**WHAT IS REQUIRED**.
Keep the images out while you set down the data exactly.

**RECORDED INFORMATION**.
+---+

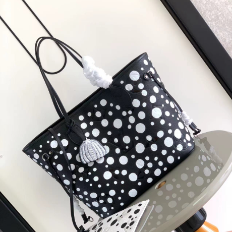 This L Louis Vuitton once again joined hands with Yayoi Kusama to place this LV x YK Neverfull medium-sized handbag in the infinite wave-dot universe to explore the source of inspiration of this Japanese artist. The polka-dot pattern is like a star on the surface of the cow leather, the Monogram embossing lays the foundation of the brand, and the pumpkin-shaped decoration highlights another classic image in Yayoi Kusama’s works.
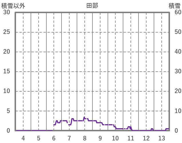 | 日 | 時 | 気温 | 降水 | 風向/風速 | 日照 | 積雪 | 降雪 |
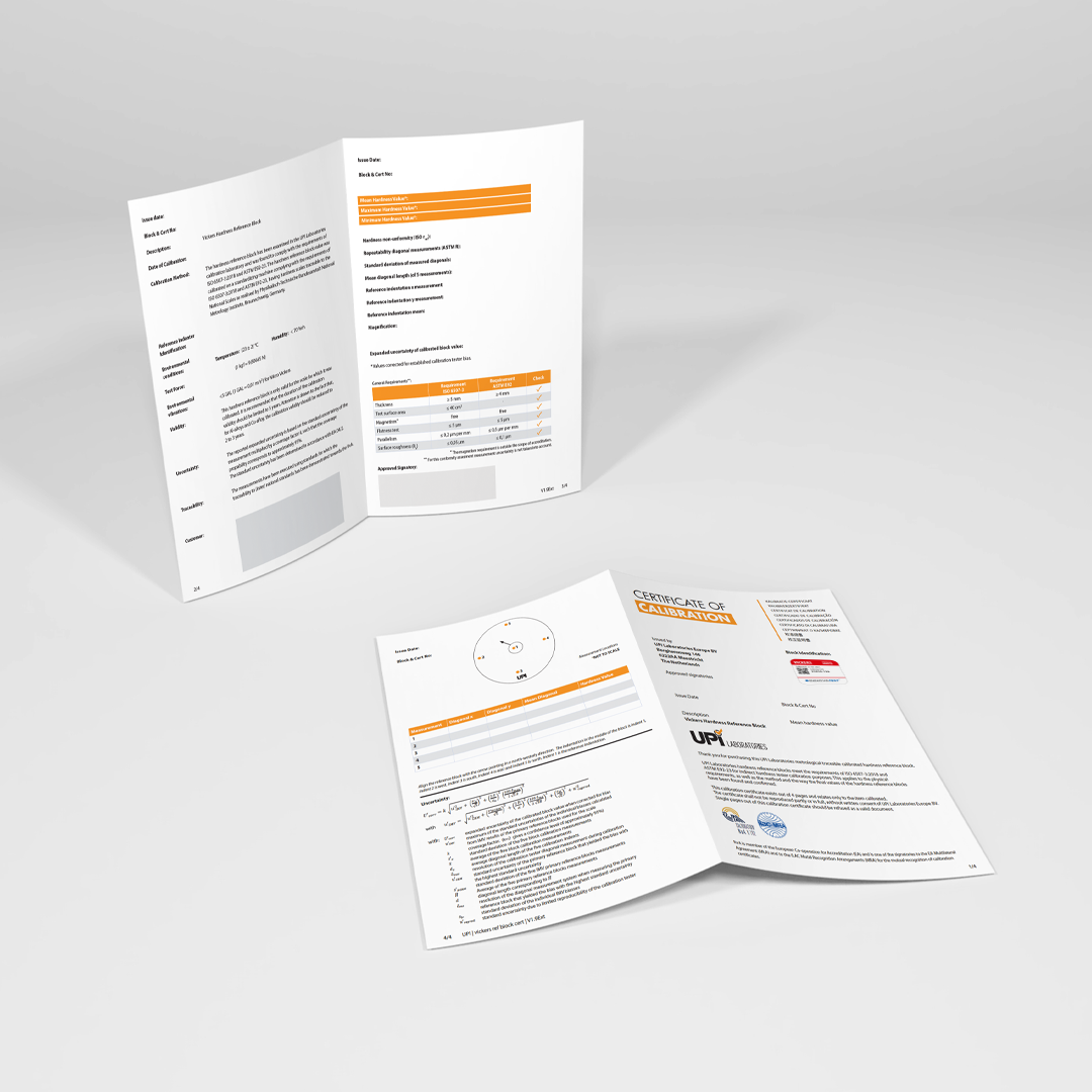 INNOVATEST Vickers hardness calibration blocks are calibrated & DUAL-certified by UPI Laboratories Europe BV traceable to National/International standards according to ISO 6507/3 & ASTM-E92 A4.
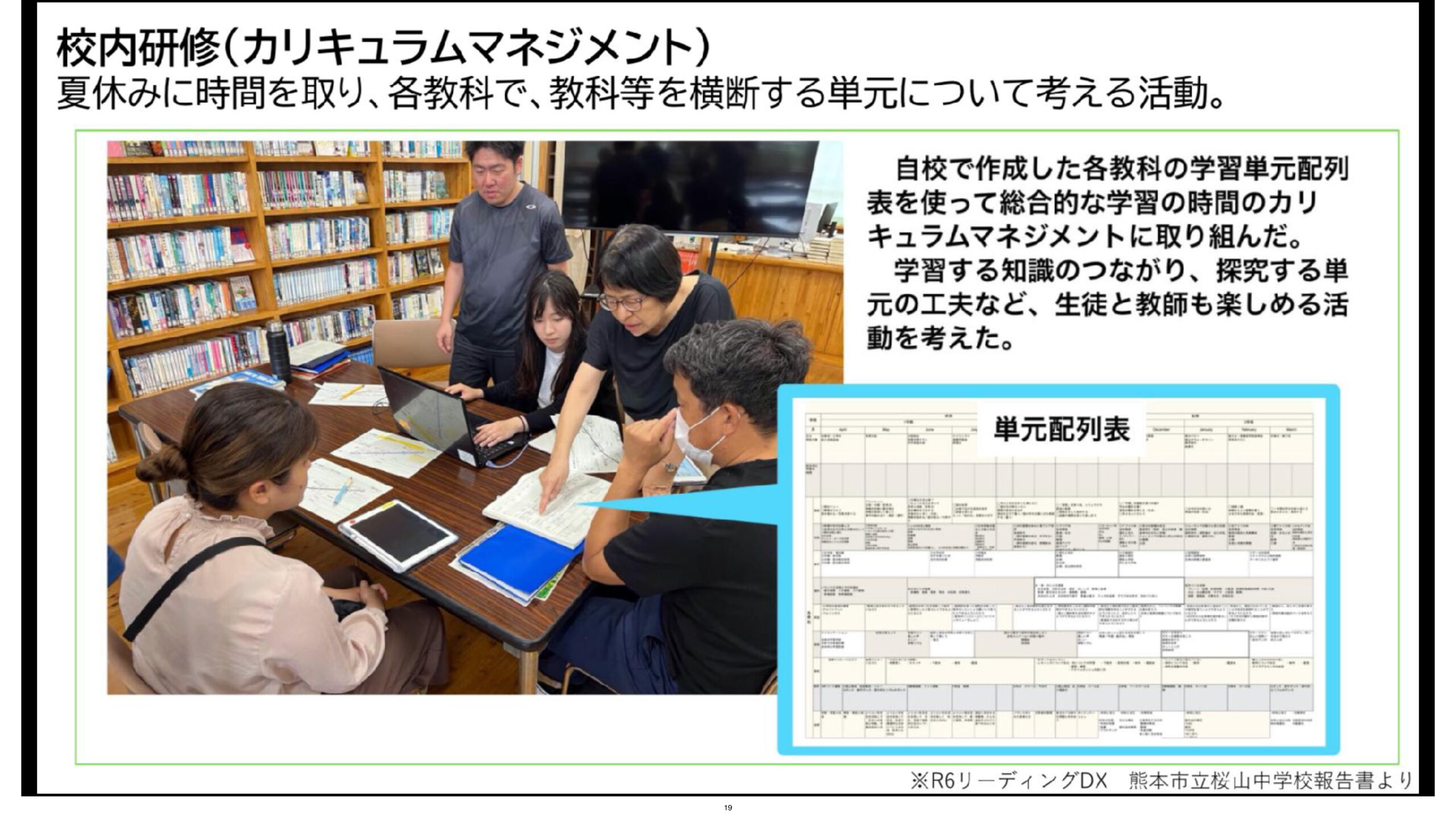 校内研修の改革にも力を入れており、熊本市立桜山中学校では教科等を横断する単元について考える校内研修を実施した。同校で作成した各教科の単元配列表をもとに総合的な学習の時間のカリキュラムマネジメントに取り組み、教科書や配列表から情報を収集してグループで授業アイデアをまとめた。

+---+

**ANSWER SECTION**.
 This L Louis Vuitton once again joined hands with Yayoi Kusama to place this LV x YK Neverfull medium-sized handbag in the infinite wave-dot universe to explore the source of inspiration of this Japanese artist. The polka-dot pattern is like a star on the surface of the cow leather, the Monogram embossing lays the foundation of the brand, and the pumpkin-shaped decoration highlights another classic image in Yayoi Kusama’s works.
 | 日 | 時 | 気温 | 降水 | 風向/風速 | 日照 | 積雪 | 降雪 |
 INNOVATEST Vickers hardness calibration blocks are calibrated & DUAL-certified by UPI Laboratories Europe BV traceable to National/International standards according to ISO 6507/3 & ASTM-E92 A4.
 校内研修の改革にも力を入れており、熊本市立桜山中学校では教科等を横断する単元について考える校内研修を実施した。同校で作成した各教科の単元配列表をもとに総合的な学習の時間のカリキュラムマネジメントに取り組み、教科書や配列表から情報を収集してグループで授業アイデアをまとめた。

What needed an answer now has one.